The semester is over at last, and my grades should be in by Monday. It has been a tiring semester, but not a bad one, with interesting courses in database implementation and parallel architectures, not to mention philosophy.
With the end of the semester comes a little more free time, and I have spent a chunk of it recreating my old procedural planet demo in Python/Pyglet.
The first big plus is that whereas my previous implementation was over 5,000 lines of C++ code, the python version is under 1,000 loc, plus a few hundred lines of tightly optimised C for the tile generation back end.
The other plus is that this version actually works. I finally found the time to fully implement the crack fixing algorithm, and the results are very good (although there are still a couple of unresolved edge cases).

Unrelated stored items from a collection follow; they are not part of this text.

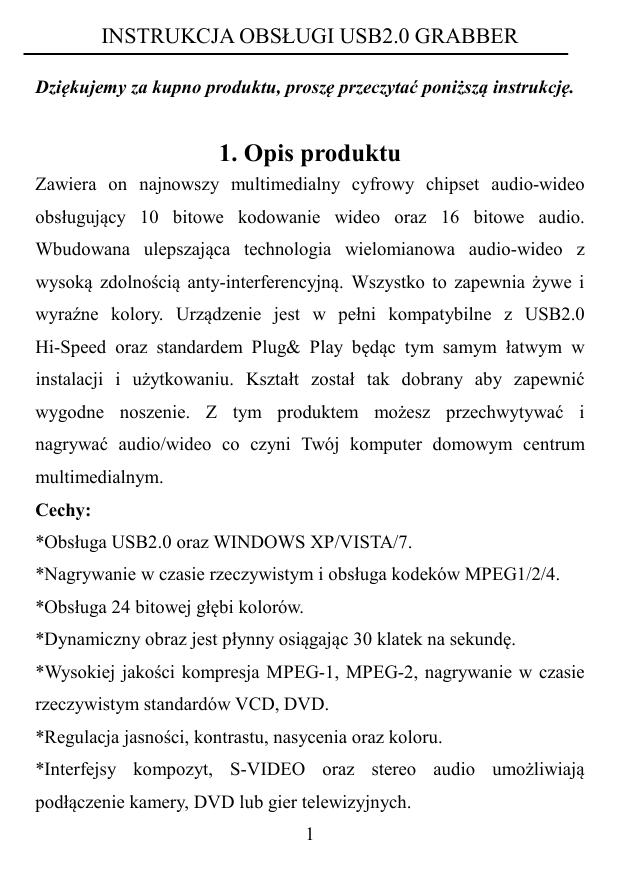 INSTRUKCJA OBSŁUGI USB2.0 GRABBER Dziękujemy za kupno produktu, proszę przeczytać poniższą instrukcję. 1. Opis produktu Zawiera on najnowszy multimedialny cyfrowy chipset audio-wideo obsługujący 10 bitowe kodowanie wideo oraz 16 bitowe audio. Wbudowana ulepszająca technologia wielomianowa audio-wideo z wysoką zdolnością anty-interferencyjną. Wszystko to zapewnia żywe i wyraźne kolory. Urządzenie jest w pełni kompatybilne z USB2.0 Hi-Speed oraz standardem Plug& Play będąc tym samym łatwym w instalacji i użytkowaniu. Kształt został tak dobrany aby zapewnić wygodne noszenie. Z tym produktem możesz przechwytywać i nagrywać audio/wideo co czyni Twój komputer domowym centrum multimedialnym. Cechy: *Obsługa USB2.0 oraz WINDOWS XP/VISTA/7. *Nagrywanie w czasie rzeczywistym i obsługa kodeków MPEG1/2/4. *Obsługa 24 bitowej głębi kolorów. *Dynamiczny obraz jest płynny osiągając 30 klatek na sekundę. *Wysokiej jakości kompresja MPEG-1, MPEG-2, nagrywanie w czasie rzeczywistym standardów VCD, DVD. *Regulacja jasności, kontrastu, nasycenia oraz koloru. *Interfejsy kompozyt, S-VIDEO oraz stereo audio umożliwiają podłączenie kamery, DVD lub gier telewizyjnych. 1 INSTRUKCJA OBSŁUGI USB2.0 GRABBER *Możliwość nagrywania audio i wideo, kopiowania do iPod’a i PSP. *iPod obsługuje format mp4, PSP obsługuje formaty mp4 oraz avc. Aplikacja *Elektroniczne zdjęcia, komputerowy fotograf. *Nagrywanie i edytowanie kreskówek audio-wideo. *Tworzenie VCD, DVD, tworzenie stron internetowych. Specyfikacja produktu *Obsługa kompresji MPEG 1/2. *29 klatek na sekundę przy rozdzielczości 720x480 (NTSC DVD), 25 klatek na sekundę przy rozdzielczości 720x576 (PAL DVD). *Obsługa USB oraz funkcji plug & play. *Obsługa nakładek. *Regulacja jasności, kontrastu, nasycenia oraz koloru. *Obsługa Windows XP/VISTA/7. *Obsługa standardu USB2.0 (Hi-Speed). 2. Wymagania systemowe *P4-2.8G lub szybszy *256MB pamięci lub więcej *Karta graficzna z obsługą Directx9.0C *Windows XP/VISTA/7 2 INSTRUKCJA OBSŁUGI USB2.0 GRABBER *Wolny port USB2.0 3. Zawartość opakowania *USB Grabber 1 sztuka *Instrukcja obsługi 1 sztuka *CD ze sterownikami i aplikacją 1 sztuka Uwaga: Powyższa lista jest tylko punktem odniesienia, jej zawartość może się zmienić bez powiadamiania. 4. Instalacja sterowników i aplikacji Uwaga: Przykład instalacja był przeprowadzany na angielskiej wersji systemu Windows XP, na innym systemie mogą występować drobne różnice. 4.1 Instalacja sterowników Kiedy włożysz USB GRABBER do gniazda USB system automatycznie wykryje nowy sprzęt i wyświetli poniższe okno, naciśnij “No, not this time” a następnie „Next”. Wybierz „Install from a list or specific location (Advanced)” i naciśnij „Next”: 3 INSTRUKCJA OBSŁUGI USB2.0 GRABBER Instalator poprosi Cię o wybranie opcji wyszukiwania sterowników. Zaznacz opcję jak na rysunku, gdzie wybrany folder powinien zawierać sterowniki z płyty CD, i naciśnij „Next”. Naciśnij „Continue Anyway” aby kontynuować. Naciśnij „Finish” aby zakończyć instalację sterowników. Po instalacji sterowników sprawdź czy “USB2.0 Video&Audio Caputure Device” znajduje się w menadżerze urządzeń. 4 INSTRUKCJA OBSŁUGI USB2.0 GRABBER Uwaga: Po instalacji sterowników zrestartuj komputer. 4.2 Instalacja aplikacji Uruchom plik SETUP.EXE na płycie CD, wybierz język i naciśnij „Next”, pojawi się następujące okno, na którym naciśnij „Next”. Wybierz “I accept the terms of the license agreement” i naciśnij “Next”: Naciśnij “Next”: 5 INSTRUKCJA OBSŁUGI USB2.0 GRABBER Naciśnij “Next”: Naciśnij “Next”: Gdy pojawi się następujące okno naciśnij „Finish”. 6 INSTRUKCJA OBSŁUGI USB2.0 GRABBER Naciśnij dwukrotnie na ikonie na pulpicie “honestech VHS to DVD 3.0”, otwórz plik „sn.txt”, przepisz klucz produktu do poniższego okna i naciśnij „OK * Po zakończeniu całej instalacji zrestartuj komputer. 5. Obsługa aplikacji W oknie głównym programu w zakładce „1. Capture” znajduje się okno sterowania nagrywaniem. Można tu ustawić czas nagrywania, włączyć opcję nagrywania na CD oraz rozpocząć nagrywanie. Po kliknięciu na przycisku „Option” możemy wybrać urządzenia nagrywające audio i wideo oraz interfejs, do którego jest podłączone urządzenie źródłowe po uprzednim kliknięciu przycisku „Setting”. W oknie „Video Setting” po naciśnięciu przycisku „Control” mamy możliwość ustawienia standardu wideo oraz zmianę parametrów obrazu. 7 INSTRUKCJA OBSŁUGI USB2.0 GRABBER W oknie „Option” możemy również wybrać format nagrania, standard wideo, jakość, rozmiar plików wynikowych oraz ścieżkę docelową do przechowywania nagrań. W zakładce „2. Edit” możemy zarządzać naszymi nagraniami oraz zaimportowanymi klipami filmowymi oraz zdjęciami. Do dyspozycji jest wiele opcji i filtrów łączenia osobnych klipów dając możliwość realizowania własnych produkcji. Zakładka „3. Burn” zawiera opcję dotyczące nagrywania klipów na płytę. Nasze projekty możemy zapisywać oraz otwierać za pomocą przycisku „Project” umieszczonego w lewym górnym rogu okna aplikacji. Dokładniejsze informacje dotyczące obsługi aplikacji zawarte są w pliku APPGRABBERV2_userguide.pdf umieszczonym na płycie CD. 8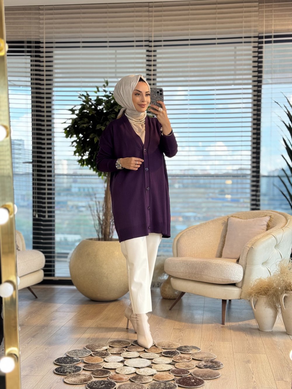 115 Boyuna Fitilli Hırka Mürdüm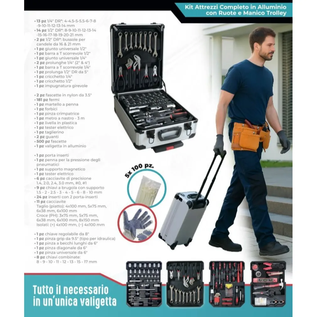 KIT ATTREZZI VALIGETTA PROFESSIONALE 799PZ TROLLEY ALLUMINIO CON RUOTE COMPLETO FAI DA TE
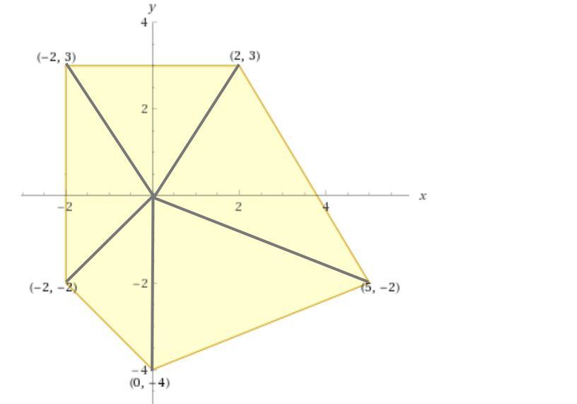 There's a right angle that they want you to make a rectangle out of. I'm ignoring that and using each of the five sides to make a triangle with the origin.

I also implemented normal map generation in GLSL, to offload the computation to the GPU. This more than doubles the performance of tile generation, to the point where several tiles can be subdivided or combined each frame.
Wireframe of planet.
From a technical standpoint, the planet starts as a cube, and each face is subdivided to form a quad tree. For each tile at the deepest level of the quad tree, a small heightmap is generated using 32 octaves of 3-dimensional simplex noise. This heightmap is used to generate the vertices for the tile, and passed as a texture to the GPU in order to generate the normal map.
Because applying tangent-space normal maps to a sphere is an absolute nightmare, I take the unusual approach of generating object-space normal maps. These are considerably more expensive to generate, but avoid the tangent-space mismatch at cube edges, and look fairly decent in practice.
Interestingly, this version allows one to fly right down to the planet surface, and maintains interactive framerates even on my Intel integrated X3100 (complete with the awful Mac drivers). By the time I add atmosphere shaders and detail textures, I expect that I will have to switch over to my desktop, but for now, I am very happy with the performance.
Of course, there are still several challenges to overcome, in particular the issue of depth buffer precision. The planet you see above does not suffer from a lack of depth buffer precision, but it is only 1/10 scale of the Earth, and ideally I would like to be able to render gas giants on the order of Jupiter as well. This requires some clever on-the-fly adjustment of the camera frustum, and I don’t quite have a handle on the best way to accomplish it.